Please download the IDE from Arduino Website. Install any version >= 1.8.14
Please checkout our first session EdgeAI Lab with Microcontrollers Session #1: Overview of EdgeAI Applications if you want to refer to quick video guide.
The next step is to install the Libraries related to Arduino Nano 33 BLE Sense board.
There is a simple QuickStart Guide to install the necessary packages. You can check if the board can be programmed by trying out Simple LED Blink example.
Next, we need to install the Arduino LSM9DS1 library to be able to communicate with the accelerometer. Arduino Nano 33 BLE Sense board uses LSM9DS1 which contains 3D accelerometer, 3D gyroscope, 3D magnetometer.
You can install libraries from the Library Manager. You can find that from Arduino Tools menu > Manage Libraries > Library Manager.
Please download the Prebuild Library. We need to add this to our project.
To add, select Sketch menu > Include Library > Add .ZIP Library ...
If you get no error, then everything is fine.
To run the example, open the file fan_status_detection.ino in Arduino. Since its .ino file, it will be automatically opened by Arduino IDE if it was installed successfully. If not, then you can open it through the standard operation (File > Open > Path to fan_status_detection.ino).
Click Verify button. It might take a while for compilation and verification process. You should get the following message on successful completion.
Done Compiling
Sketch uses 271672 bytes (27%) of program storage space. Maximum is 983040 bytes.
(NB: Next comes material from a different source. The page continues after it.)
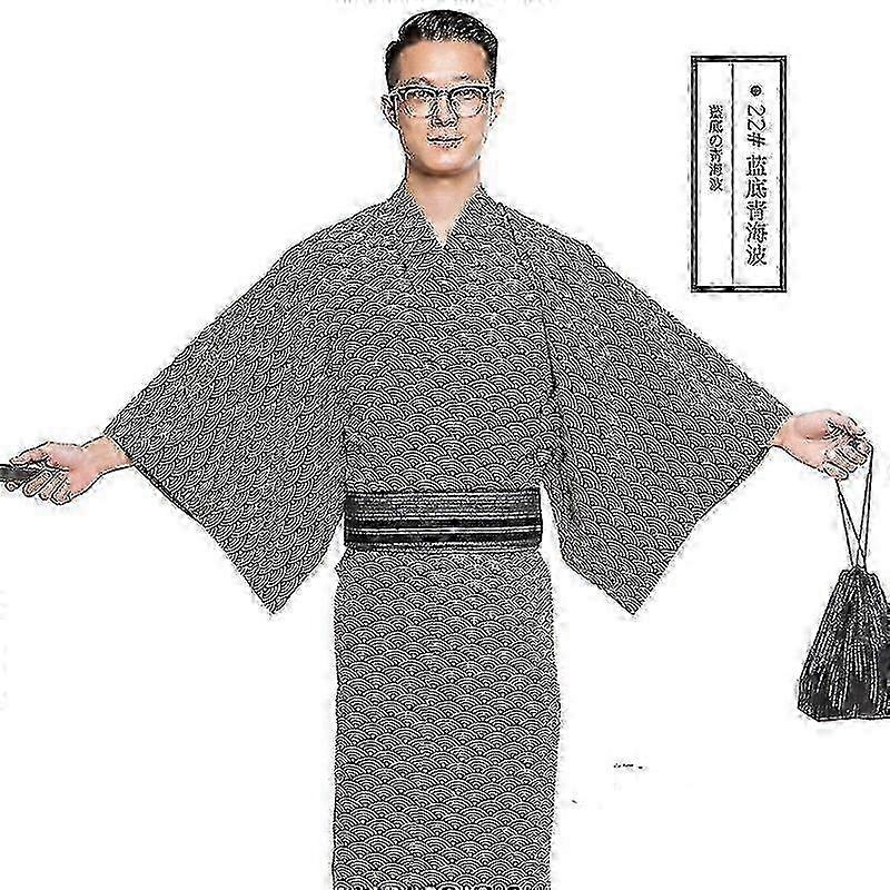 Men's Cotton Yukata Kimono Robe for Spring Summer Home Nightwear, Traditional Japanese Long Dress Robe 25-26

Global variables use 47888 bytes (18%) of dynamic memory, leaving 214256 bytes for local variables. Maximum is 262144 bytes.
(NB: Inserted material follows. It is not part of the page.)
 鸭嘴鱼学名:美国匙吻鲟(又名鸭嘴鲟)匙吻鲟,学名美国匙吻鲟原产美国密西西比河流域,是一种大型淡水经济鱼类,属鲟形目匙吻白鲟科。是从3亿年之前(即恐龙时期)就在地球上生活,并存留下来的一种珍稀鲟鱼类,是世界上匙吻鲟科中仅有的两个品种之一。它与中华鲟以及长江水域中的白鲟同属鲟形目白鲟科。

After that, click on Upload button to upload the firmware to Arduino Nano board.
Sketch uses 271672 bytes (27%) of program storage space. Maximum is 983040 bytes.
Global variables use 47888 bytes (18%) of dynamic memory, leaving 214256 bytes for local variables. Maximum is 262144 bytes.
Device : nRF52840-QIAA
Version : Arduino Bootloader (SAM-BA extended) 2.0 [Arduino:IKXYZ]
Address : 0x0
Pages : 256
Page Size : 4096 bytes
Total Size : 1024KB
Planes : 1
Lock Regions : 0
Locked : none
Security : false
Erase flash
Done in 0.001 seconds
Write 271680 bytes to flash (67 pages)
[==============================] 100% (67/67 pages)
Done in 10.714 seconds
The inference results are sent via Serial Port configured with baud-rate of 115200 bps.
You can open up the Serial Monitor from the Tools menu.
The probabilities of each class (Idle, High, Medium and Low) are logged in to the console.